Exxon had a very rough year in 2020. Revenues sank by some $83 billion versus a year ago and the energy titan tumbled from No. 3 on the Fortune 500 list to No. 10. After two decades without even a negative quarter, it lost $22.4 billion in 2020. Exxon was removed from the 30 company Dow Jones Industrial Average (DJIA) after 92 consecutive years as a member, replaced by software giant Salesforce. Even more frustrating, Chevron, its longtime rival, kept it place on the DJIA. Over the past 5 years, Exxon’s stock price has fallen -32% while Chevron’s rose +6% and the S&P 500 was up 102%.
There are three core problems that seem to be the major sources of all this negative news:
- • Ignoring the Even the Possibility of Other Energy Sources Becoming Significant – Exxon religiously clings to its long-established world view of oil and gas being at the center of economic growth for decades to come. In the current age of an energy transition away from fossil fuels and toward more sustainable sources, you would think the sensible thing to do is the keep your oil and gas business as healthy as possible, while working hard to see how you could get yourself into a position to lead the industry in investigating and developing sustainable products and services to whatever extent possible, While peers like BP, Shell, and France’s Total are accelerating investments in clean energy alternatives, Exxon has dragged its feet on investing significantly in anything outside of its core oil and gas business.
- • Ignoring Employee Morale Problems – Based on interviews with current and former Exxon employees from all levels and departments, Fortune Magazine reports the current CEO, who has been in the job for four years, and has become a divisive figure for many at the company. He is criticized by some as lacking the aggressiveness and stature of his predecessors and by other as not being a visionary change agent. Also, the CEO has consistently defended the deeply unpopular employee ranking system, which most companies have abandoned a decade ago, causing him to be viewed as tone deaf and arrogant by employees.
- • Ignoring Wall Street – When Wall Street presses the company as to what, exactly, the oil and gas giant plans to do in aggressively investigating opportunities in alternate sources of energy, its latest response is to explain its recent launch into better carbon capture and storage; CCS in Exxon jargon. CCS is a process in which carbon dioxide from the current processes of generating fossil fuels is captured and prevented from reaching the atmosphere. The following quote from one analyst summarizes Wall Street’s reaction: “The Exxon attitude is we don’t dress up our pig at all. We don’t even put lipstick on the pig. We just say ‘Everyone likes bacon, so shut up.’”

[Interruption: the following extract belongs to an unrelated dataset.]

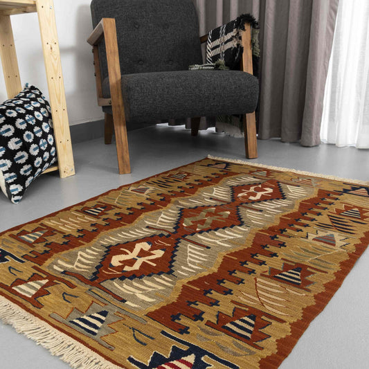 Kilim oriental Denizli hecho a mano de lana sobre lana 95 x 115 cm - 3' 2'' x 3' 10'' Arena C007 ER01

Due to these factors, it is not surprising that, sensing weakness, activist investors are on the attack – led by a newly created investment firm called Engine No. 1. It recently launched a proxy battle challenging Exxon over its lack of action in investigating alternate energy strategies. It was successful and landed 3 directors on the board. At last, maybe we will see a serious challenge to the stubborn, entrenched Exxon management.